Directed energy (or non-kinetic physical) space weapons include low and high-power lasers, high-powered microwaves (HPM) and electromagnetic pulse (EMP).

Low-power lasers can ‘blind’ or ‘dazzle’ enemy satellites. Dazzling refers to temporary loss of sight of the satellite, and blinding causes permanent damage to satellite optics. High-power lasers thus permanently damage other satellite electronics. High-powered microwaves disrupt satellite electronics, corrupt data stored in memory, cause processors to restart, and, at higher power levels, cause permanent damage to electrical circuits and processors. Electromagnetic pulse is created by nuclear explosions and can damage satellite electronics in a large radius. Directed energy attacks operate at the speed of light and, in some cases, are difficult to attribute.

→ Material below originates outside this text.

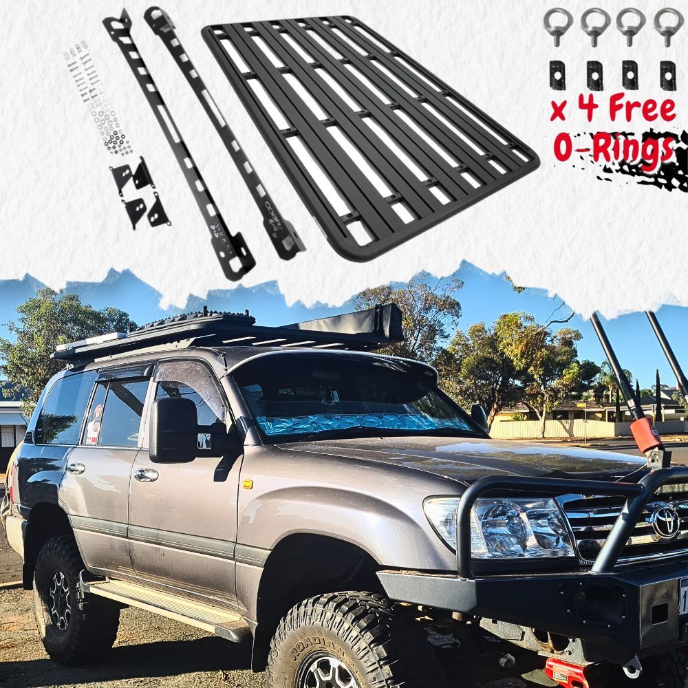 Aluminium Flat Roof Rack Cage Fits Landcruiser 100 105 Series LX470 4WD 1998 - 2007 220cm x 142cm Mounts Tradie Black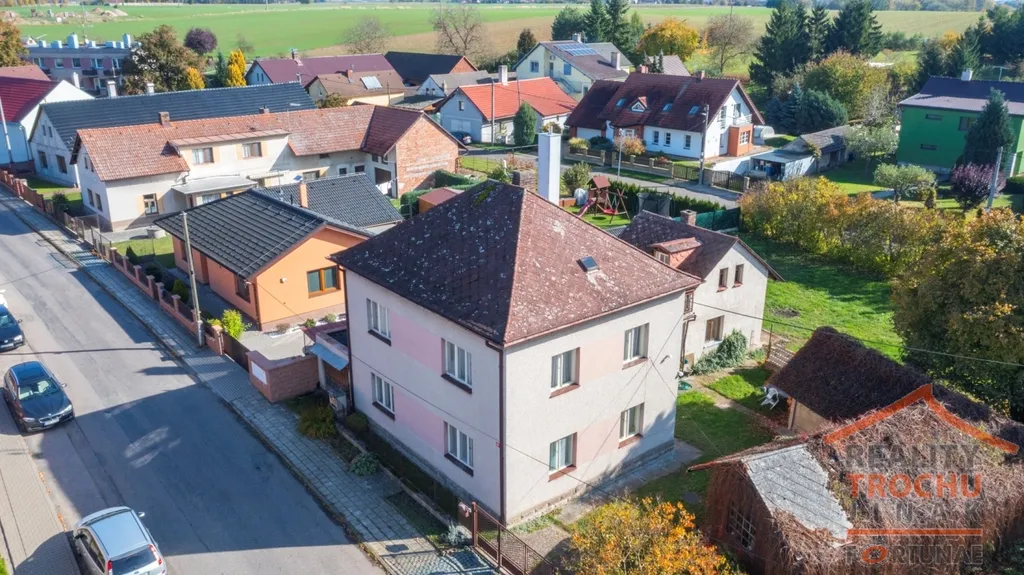 Nabízíme k prodeji rodinný dům, nacházející se v klidné části obce Skalice, k.ú. Skalice u Smiřic. Tento patrový objekt obsahuje dvě samostatně uzamykatelné bytové jednotky, každá v jednom NP. Společný vstup schodištěm. Zastavěná plocha 190 m², užitná plocha 127 m², celková plocha(včetně příslušenství) 163 m2, plocha pozemku 853 m².

The major space powers – the United States, Russia and China – are engaged in developing directed energy space weapons and can probably dazzle or blind low Earth orbit satellites. Moreover, France is developing ground-based and space-based lasers with offensive capabilities with the aim of them being operational by 2030.

Electronic space weapons

Electronic space weapons interfere with the electromagnetic spectrum through which space systems transmit and receive data. Electronic attacks include satellite jamming, spoofing and meaconing. Jamming attacks emit noise in the same radio frequency (RF) as the satellite and within the field of view of its antennas. Uplink jamming interferes with the signal from Earth to space, while downlink jamming targets the signal coming from space to Earth. Spoofing is a method of sending fake signals or commands to the receiver. Meaconing refers to a particular type of spoofing that only re-transmits the original signal copy and thus does not require breaking the encryption. Electronic attack, for instance, interferes with GPS signals and communications satellites or sends false locations to the receiver.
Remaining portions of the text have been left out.